Trotz Flaute im IT-Bereich haben Sicherheitsfirmen dank Nimda und Co. Hochkonjunktur. Dies gilt jedoch nicht für alle Produkte, die dem Schutz der eigenen Privatsphäre dienen, auch wenn dieser im Interesse aller Internetnutzer liegen dürfte. Das Unternehmen Network Associates hat nun beschlossen, Teile seiner PGP-Sparte zu verkaufen. Dabei ist der Erfolg der Verschlüsselungssoftware "Pretty Good Privacy", die für Privatpersonen kostenlos ist, noch immer ungebrochen.

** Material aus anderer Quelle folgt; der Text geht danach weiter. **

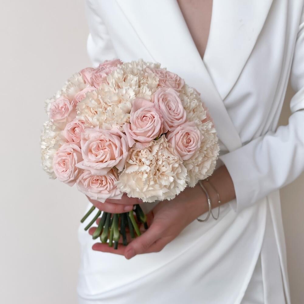 Букет невесты с диантусами и розами Леди Бомбастик — элегантность, утонченность и нежность в каждом лепестке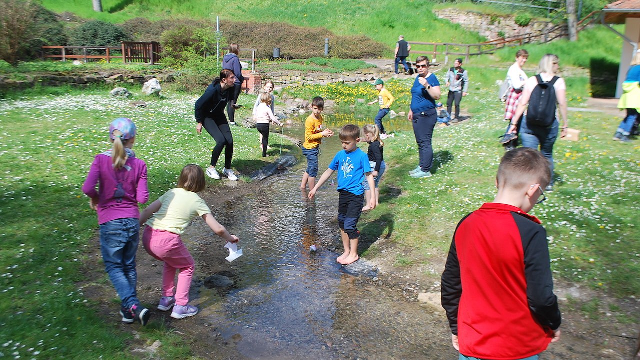 Der jährliche Familienwandertag ist schon zu einer schönen Tradition geworden. Deshalb trafen sich am Samstag, 22. April, die Hälfte der Kindervilla-Kinder mit ihren Eltern, Geschwistern, Großeltern und Freunden, um gemeinsam zu wandern. In diesem Jahr ging es, entsprechend des Projektthemas Wasser ist für alle da", zu den Frankenhäuser Quellen...

Trotz Flaute im IT-Bereich haben Sicherheitsfirmen dank Nimda und Co. Hochkonjunktur. Dies gilt jedoch nicht für alle Produkte, die dem Schutz der eigenen Privatsphäre dienen, auch wenn dieser im Interesse aller Internetnutzer liegen dürfte. Das Unternehmen Network Associates hat nun beschlossen, Teile seiner PGP-Sparte zu verkaufen.

1997 hatte das Unternehmen McAfee, das zu Network Associates (NAI) gehört, die Rechte zur kommerziellen Verwertung von "Pretty Good Privacy" (PGP) von seinem Erfinder Philip Zimmermann erworben.

Während eine Freeware-Version für Privatpersonen weiterhin kostenlos im Netz verfügbar ist, sollte McAfees kommerzielle Variante bei Geschäftskunden Absatz finden, die für die Lizenzen bezahlen müssen. Eine Hoffnung, die sich jedoch wohl nicht erfüllt hat.